* _Activity_: If a picture appears, leave it out, and reproduce exactly the lines from the start of the listing below through the one bearing "Get the best".
-------------------------
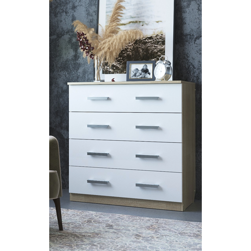 Комод, Трио Мебель, 4 выдвижных ящика, 80х44х83 см (ШхГхВ), ЛДСП, дуб сонома/белый
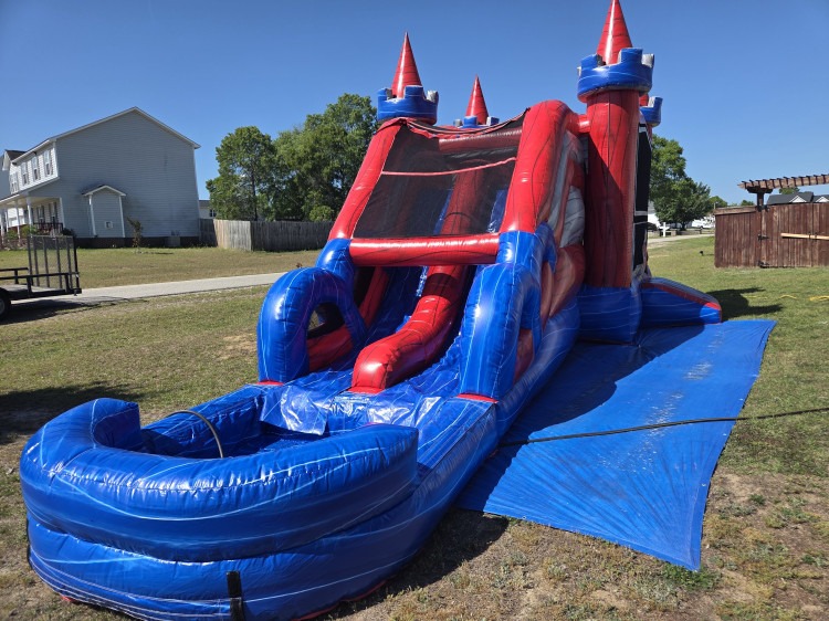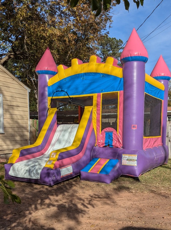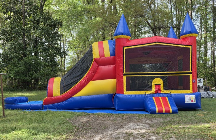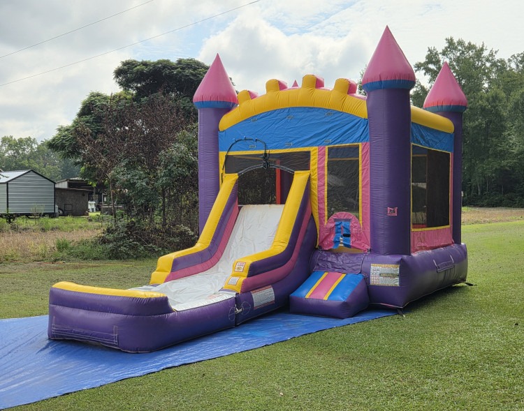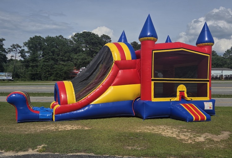 Get the best of both worlds with a castle AND a slide in one large inflatable! Our full-sized combo bouncers comes with a basketball hoop and slide that is built in with a bounce space! We specialize in bounce house rentals and would be delighted to help you with your party needs.
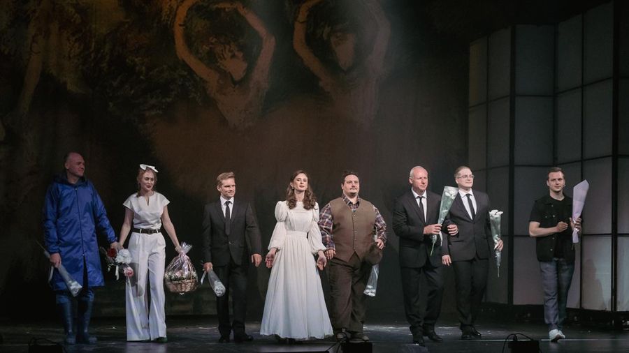 — Сценография напоминает музей наоборот. В музее, как правило, много картин и мраморные стены, у нас — одна картина и много «мраморных» блоков. Вы не первая, кто спрашивает, при чем здесь живопись. Герои романа Беляева — эстеты, люди с художественным вкусом: они слушают Рахманинова, рассуждают о картине Греза. Эту деталь не хотелось опускать. В ней есть что-то чеховское, когда люди и с хорошим образованием, и с богатым внутренним миром становятся действующими лицами пьес. Получилось или нет — этот вопрос пока без ответа. Спектакль набирает силу, он сложный, мы играем его нечасто. Хочется развиваться, идти дальше, ставить вопросы.
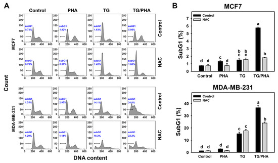 TG promoted PHA-induced subG1 accumulation in breast cancer cells. (A,B) Pattern and quantification of cell cycle analysis. After NAC pretreatment, cells were treated with 0 (0.1% DMSO), PHA (2.5 μM), TG (0.1 μM), or TG/PHA for 24 h. TG/PHA is the co-treatment of TG (0.1 μM)/PHA (2.5 μM). The subG1 proportion was marked for subG1 (%). For multiple comparisons, treatments displaying nonoverlapped letters have significant results of the same cell lines (p < 0.05) based on One-way ANOVA and Turkey HSD Post-Hoc Tests.
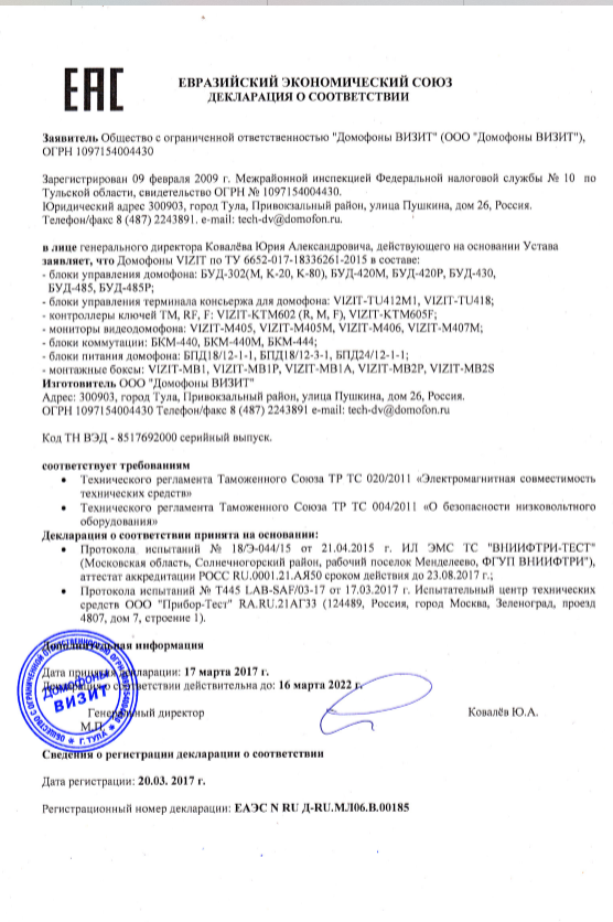 Блок управления домофона БУД-485М Vizit купить в Перми в компании ВИПАКС.
-------------------------
* _Exercise output_:
 Комод, Трио Мебель, 4 выдвижных ящика, 80х44х83 см (ШхГхВ), ЛДСП, дуб сонома/белый
 Get the best of both worlds with a castle AND a slide in one large inflatable! Our full-sized combo bouncers comes with a basketball hoop and slide that is built in with a bounce space! We specialize in bounce house rentals and would be delighted to help you with your party needs.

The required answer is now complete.